Cada vez que veo comentarios elogiosos sobre grandes figuras de la Historia, me dan arcadas. La mayoría de estos tipos, por no decir todos, eran lo que hoy llamaríamos psicópatas, que cimentaban su poder en la sangre y el terror, y que sellaban su poder con obeliscos amenazantes. No veo por ninguna parte la grandeza de Gengis Khan, de Atila o de Alejandro Magno, que tenían los tres por norma pasar a cuchillo a los habitantes de
las ciudades que conquistaban. Algunos de estos personajes ni siquiera querían quedarse con el territorio de los vencidos, simplemente destruían todo lo que encontraban a su paso, y tampoco solían estar a salvo los de su alrededor, que acababan muertos apenas se le cruzaran los cables al líder. Por no hablar de Napoleón, que tenía por costumbre escarmentar a las poblaciones derrotadas con ejecuciones masivas, fuera en Moscú o en Madrid.
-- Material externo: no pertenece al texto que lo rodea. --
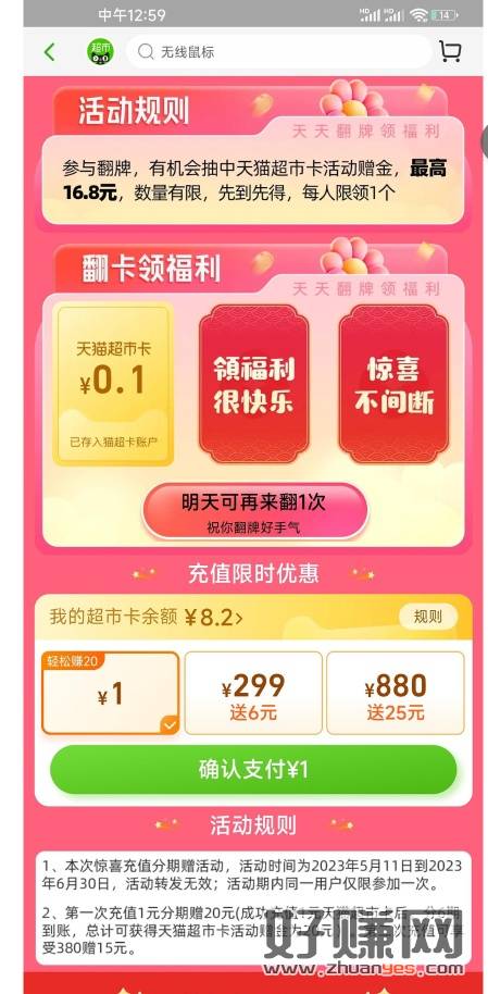 打开天猫超市首页停留一会,显示618大奖,领取跳转
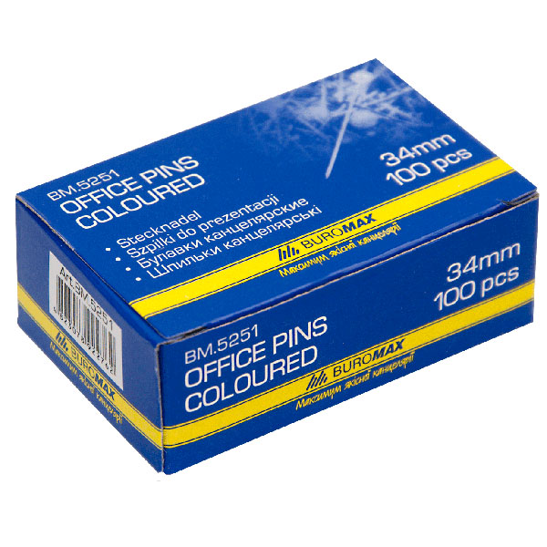 Булавки офісні 34мм, 100шт, BUROMAX
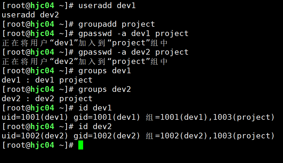 要把 dev1 和 dev2 加入 project 组,可以使用以下常用命令:
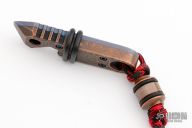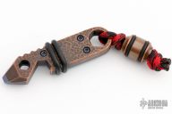 This Hybrid G3 by J. Woytaz features an anodized titanium and hammered copper frame with a copper bead. It features a pry tool, hex driver, bottle opener and 0.450" hex opening and .370" thick. Has some scuffs, otherwise excellent condition. Comes with COA dated 9-8-17
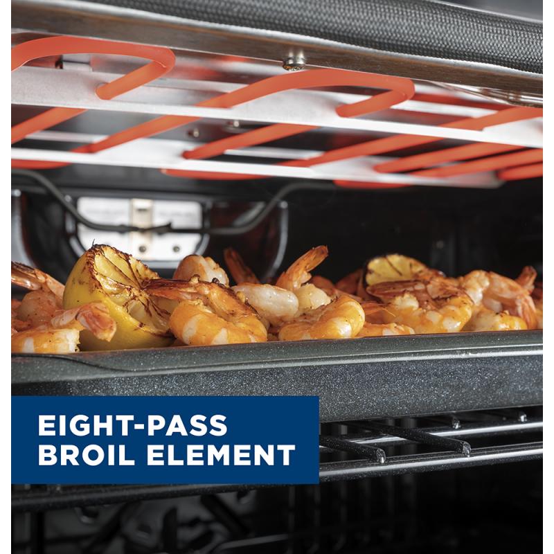 Even baking and quick cleanup are assured, with 10-pass element that heats a large cooking area and is hidden for an easy-to-wipe surface
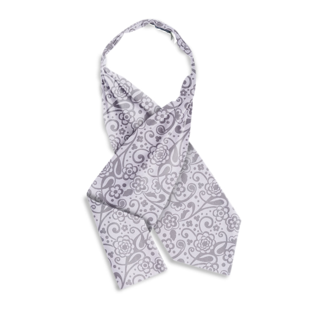 You'll stand out from the crowd wearing these gala floral icons of warm grey woven in silvery white silk. A great choice for any special occasion.
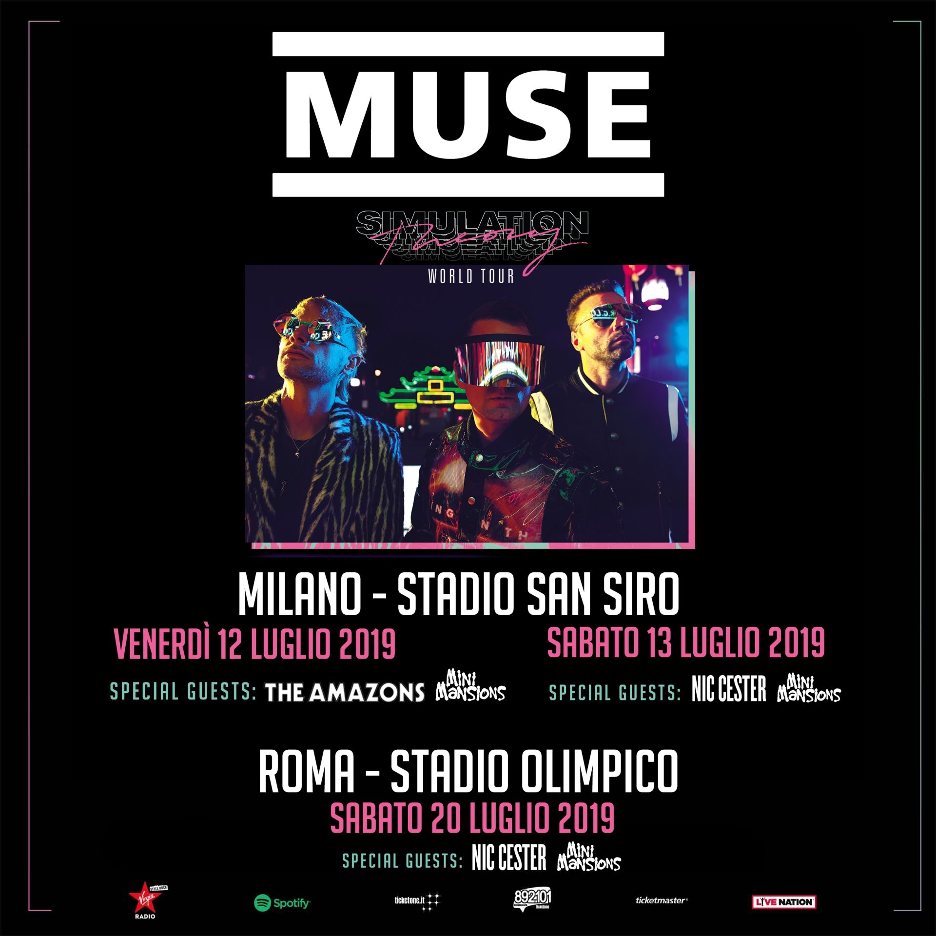 Dopo le prime date in Europa e il grandissimo successo della parte britannica del loro nuovo tour mondiale, i MUSE saranno in Italia con tre show nei due più grandi e prestigiosi stadi italiani, rispettivamente venerdì 12 e sabato 13 luglio a Milano e sabato 20 luglio a Roma, per presentare il loro ultimo album “Simulation Theory”, il concept in cui le macchine hanno preso il sopravvento sugli uomini.

Y el gran Julio César, muñidor de lo que luego sería el imperio más glorioso de Occidente, que vejaba a sus víctimas, como al galo Vercingétorix, al que llevó preso a Roma y lo arrastró vivo por la ciudad a los ojos de todos, tiñendo de sangre las piedras del foro. Era la forma de mostrar el poder del gran hombre. Esta dinámica del terror ha seguido durante siglos y milenios, usando el miedo como arma política, contra los enemigos y contra el propio pueblo al que decían representar. No hace falta evocar a grandes genocidas reconocidos como Hitler, Stalin o Pol Pot, basta mirar a nuestras democracias occidentales de oropel.
Díganme si no es terror que los gobiernos sean cómplices de desahucios y abusos que nunca reciben castigo, aunque teóricamente haya leyes (papel mojado) para eso. Díganme si no es jugar con el miedo andar lanzando proclamas sobre las pensiones, jugar con los servicios públicos convirtiéndolos en negocios privados, poner en tela de juicio la sostenibilidad de las pensiones mientras se condonan impuestos multimillonarios a quienes más pueden. Como escribió el filósofo Zygmunt Bauman, fallecido hace pocos años, es mentira que proteger a las grandes empresas y fortunas cree riqueza colectiva, y con esos y otros miedos tienen a los sectores más vulnerables de la población con el alma en vilo. La mentira puede ser tan destructiva como las falanges de Alejandro Magno. Estamos viviendo probablemente la época más incomprensible de la historia, basta mirar a los refugiados ateridos, a las ciudades escombradas, a los ancianos muertos de miedo. Y luego aparecen antiguos dirigentes, con satrapía certificada, a darnos lecciones de grandeza política (grandeza política 1-UD Las Palmas 2).